• What to do
From the records below, print only the part that opens with the line containing "Thống kê phong" and closes with the line containing "Женское кольцо из"; omit the pictures.

• Information
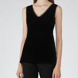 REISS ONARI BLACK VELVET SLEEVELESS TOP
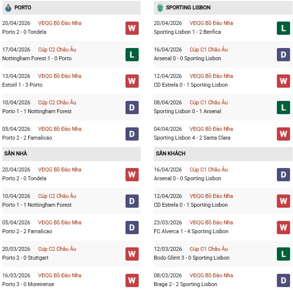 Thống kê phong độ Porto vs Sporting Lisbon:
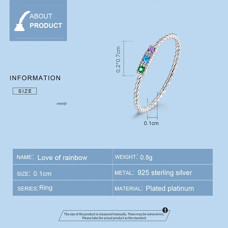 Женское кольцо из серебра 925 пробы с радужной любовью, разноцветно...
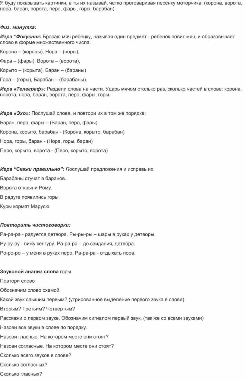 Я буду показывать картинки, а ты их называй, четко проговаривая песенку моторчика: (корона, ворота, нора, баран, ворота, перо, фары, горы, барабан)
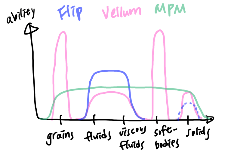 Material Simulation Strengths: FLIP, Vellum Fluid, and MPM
* * *
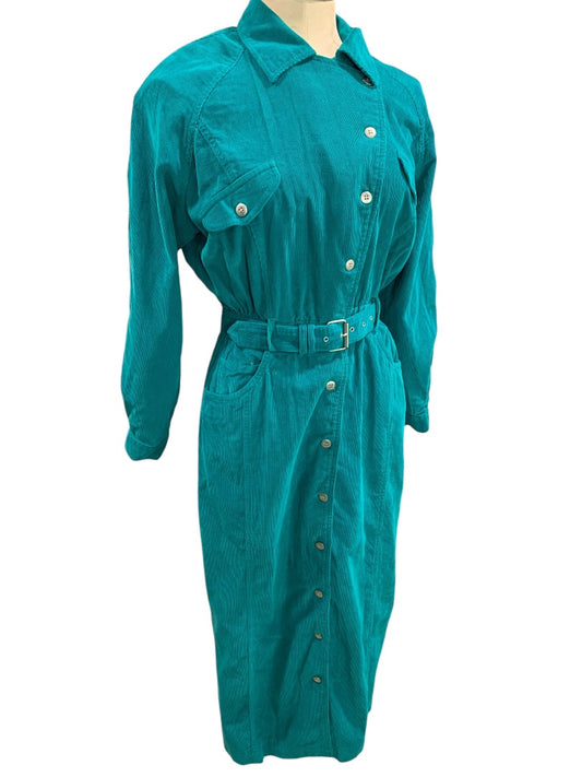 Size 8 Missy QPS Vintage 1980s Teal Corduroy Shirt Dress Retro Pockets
---
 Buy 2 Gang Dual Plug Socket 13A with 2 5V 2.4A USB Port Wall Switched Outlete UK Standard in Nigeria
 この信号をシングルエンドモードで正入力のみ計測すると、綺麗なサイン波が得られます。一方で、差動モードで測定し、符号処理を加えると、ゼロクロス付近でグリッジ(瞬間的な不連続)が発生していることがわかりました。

• Output below
 Thống kê phong độ Porto vs Sporting Lisbon:
 Женское кольцо из серебра 925 пробы с радужной любовью, разноцветно...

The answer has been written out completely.